Honestly this is how computers/software/programming feel in general these days and it’s ruined it all for me.
It's sort of sad, but really I think it is a weight off my shoulders.
(author)
I’d really like to properly get into APL though. My plan is to solve a bunch of problems on Kattis [3].
I'm really enjoying this way of learning a new language in the age of LLMs - starting with easy problems on an online code judge website and work with an LLM to come up with/explain simple solutions. It gives me dopamine hits, lots of reps, allows me to start coding right away, and is a nice way to slowly ramp up difficulty and get practice with different features of the language.
[1] https://github.com/ebanner/dyalog-mode
https://www.dyalog.com/uploads/documents/MasteringDyalogAPL....
There are certainly valid arguments that you hive certain things up when moving to an array language, but loops are not one of those.
That said, you won't use loops as much, but that's not because loops are not available.

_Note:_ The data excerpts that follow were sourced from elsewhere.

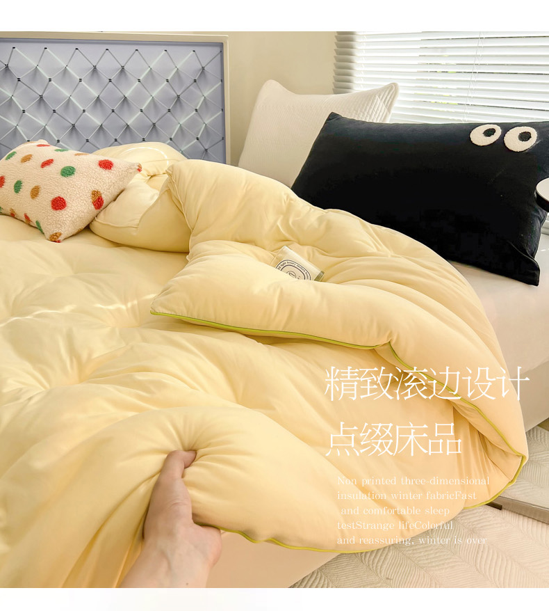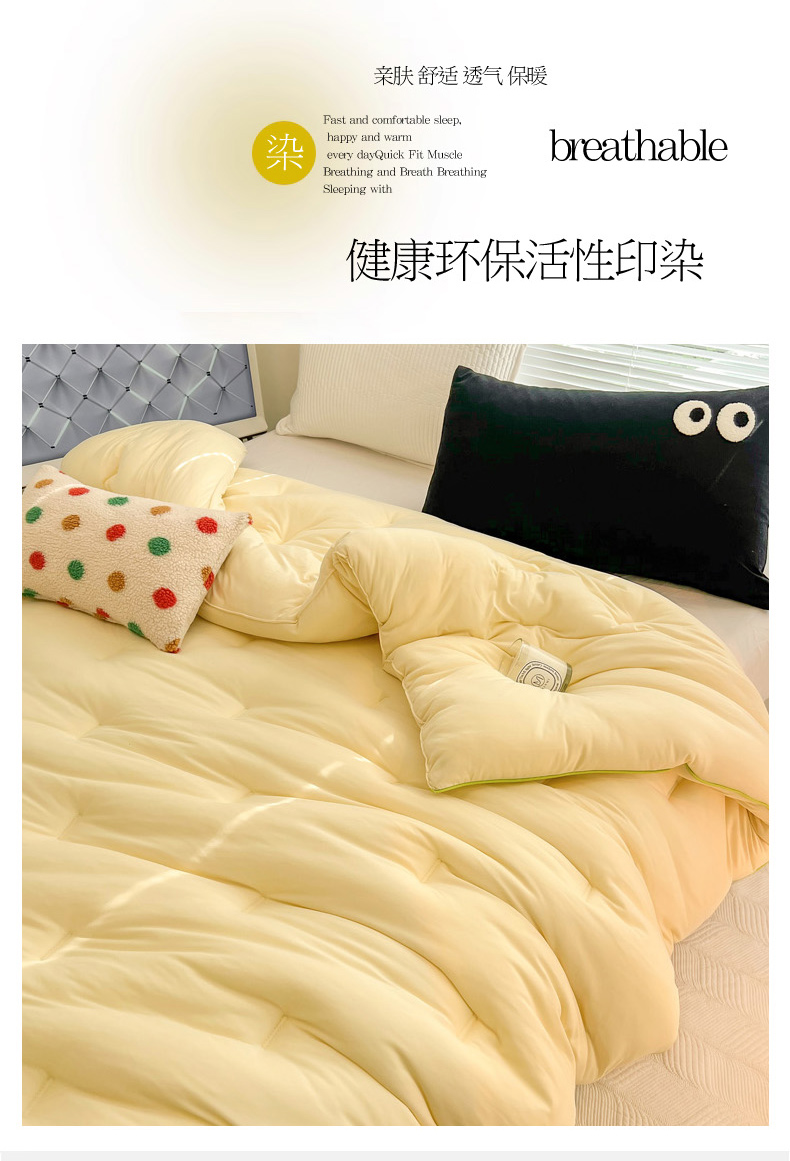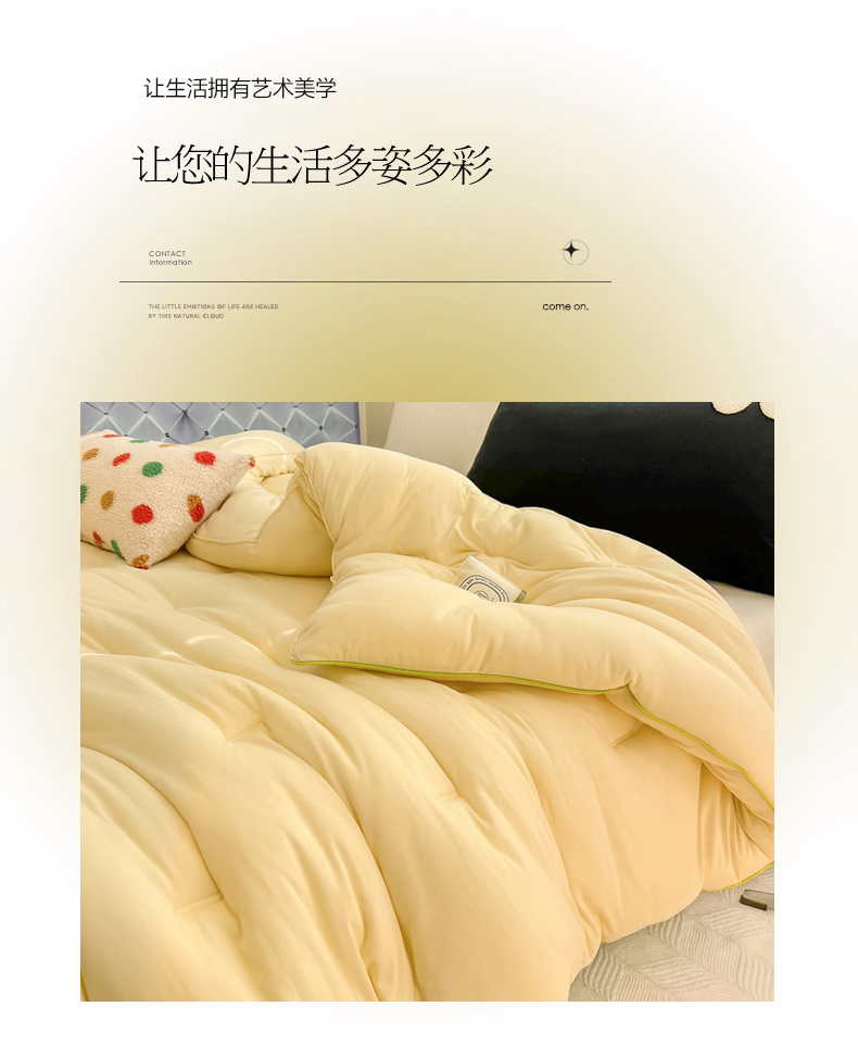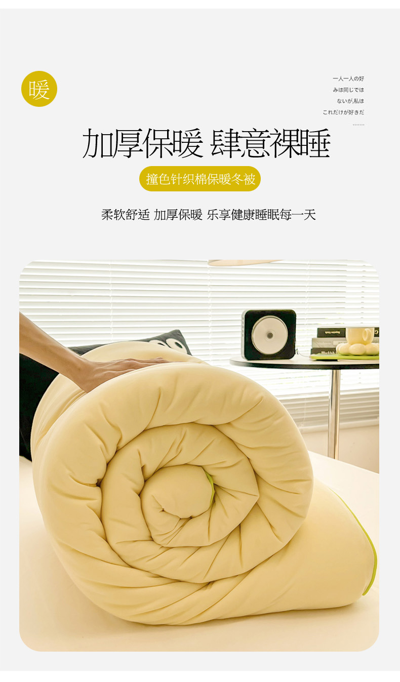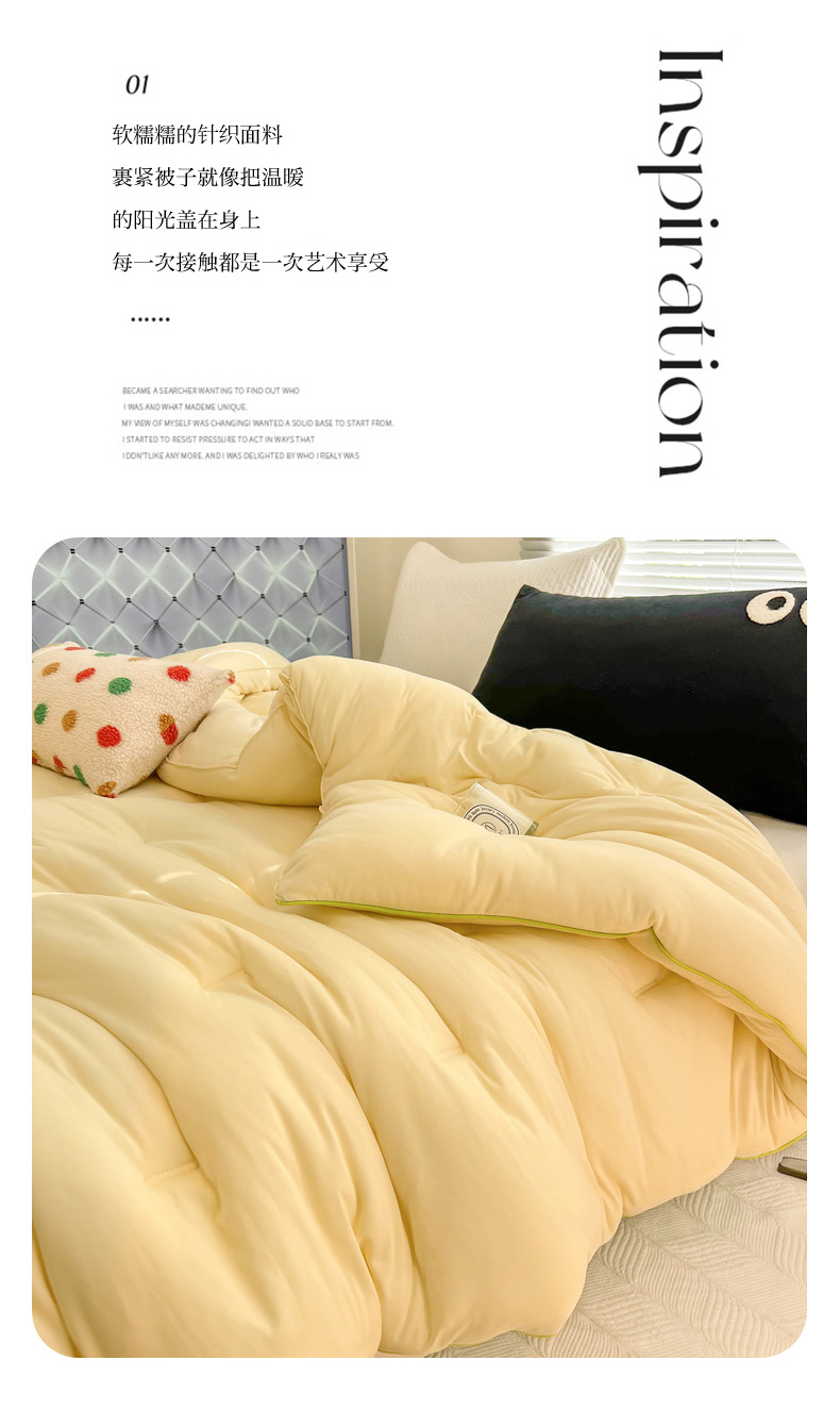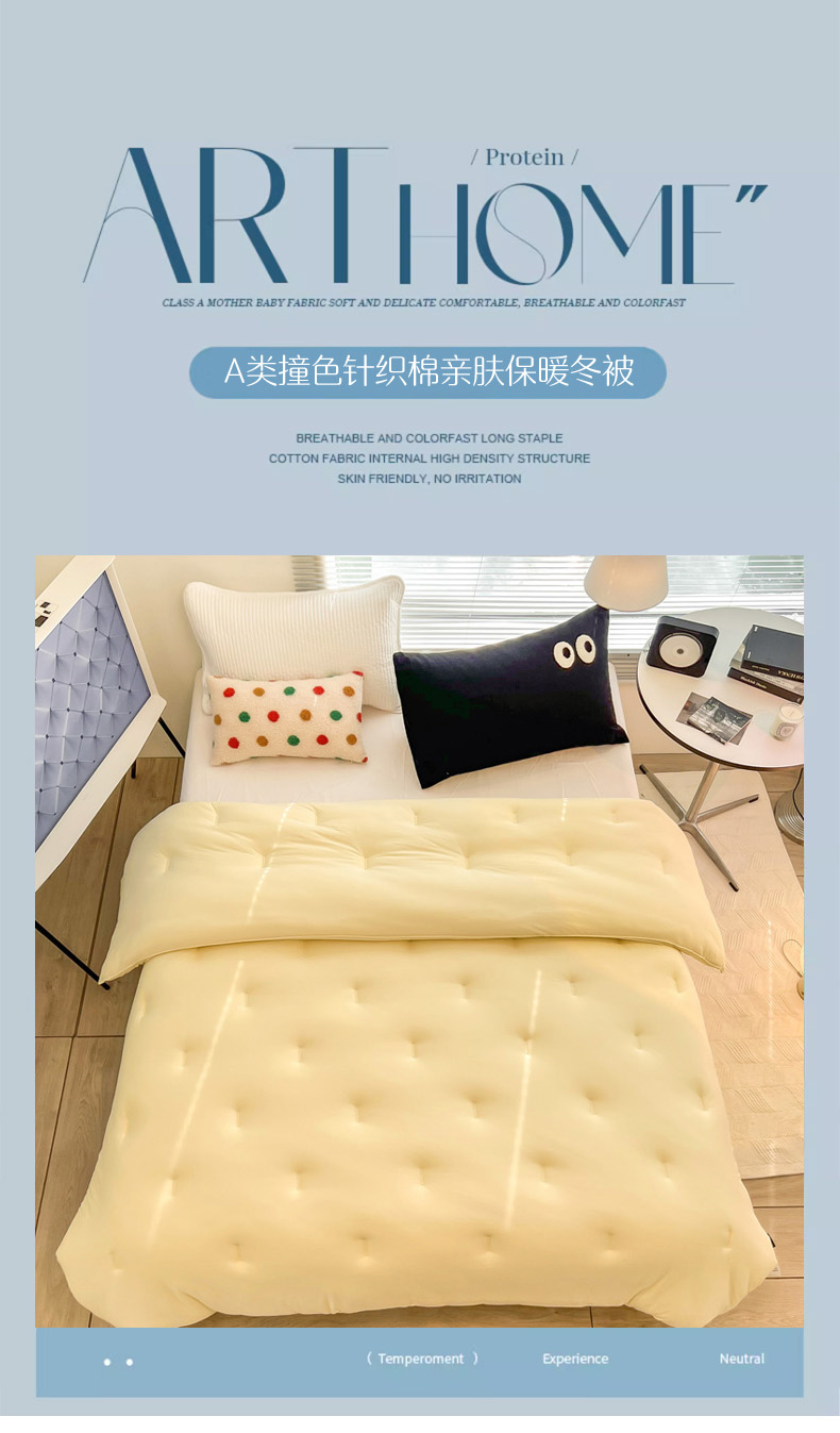 • 91家纺网 家纺一手货源 找家纺 寐居 2023新款A类撞色针织棉冬被 奶油黄
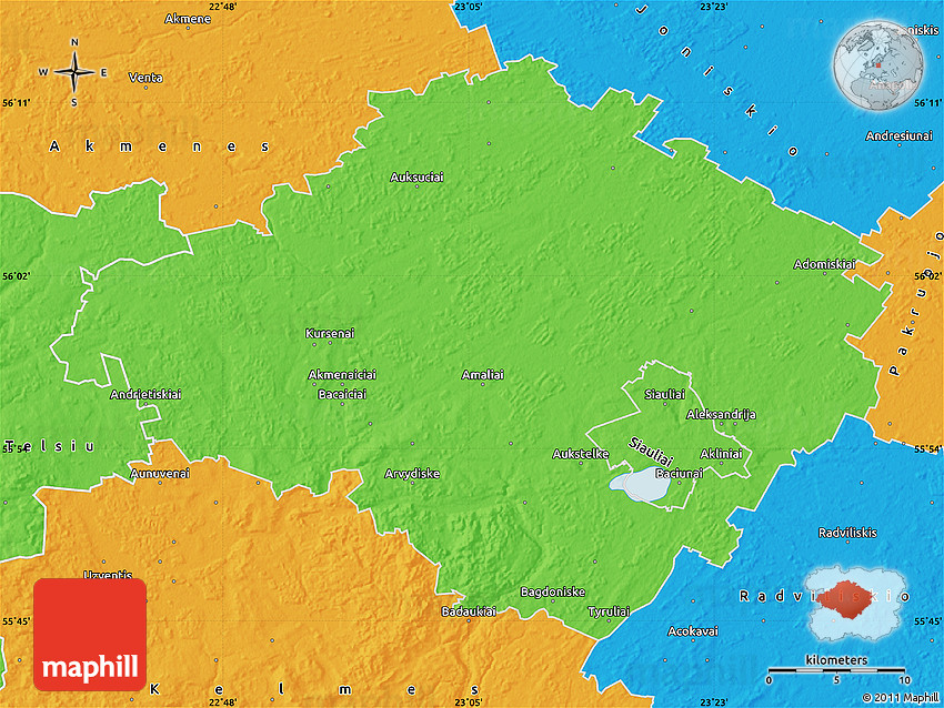 The flat political map represents one of several map types and styles available. Look at Siauliu, Siauliai, Lithuania from different perspectives.
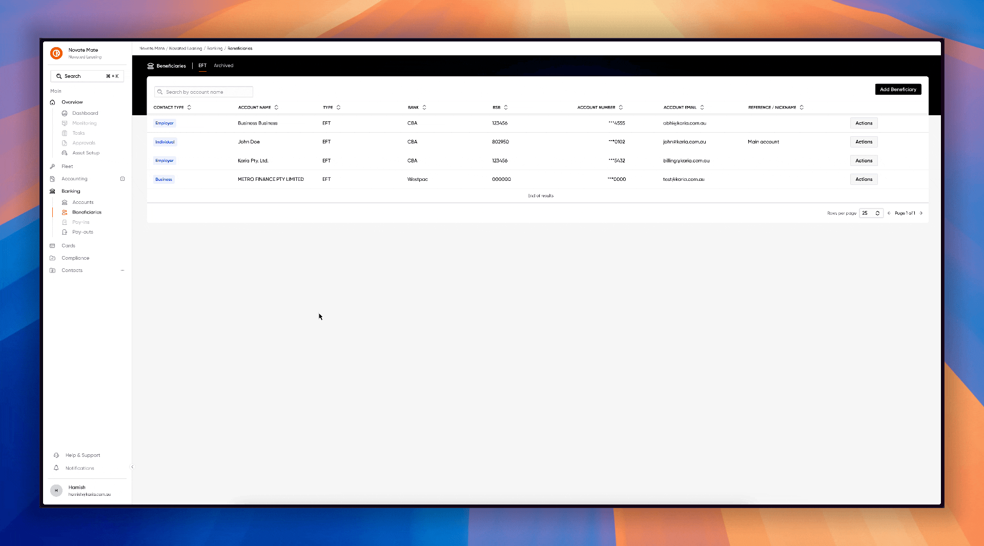 You can now keep your list of client bank details tidy by archiving beneficiaries you no longer need - inactive ones are automatically moved out of the main view, and any past transactions linked to archived beneficiaries will still retain their full history.

That said, learning APL isn't about learning the symbols any more than learning mathematics is not about learning the meaning of the various symbols it uses. To continue with that parallel, it also isn't about memorizing formulas. It is about using the tools to solve problems and, over time, changing the way you solve problems...now in 3D.
I learned APL in the early 80's and used it professionally for about ten years. The way I think of solving problems is fundamentally different in many ways because of this experience.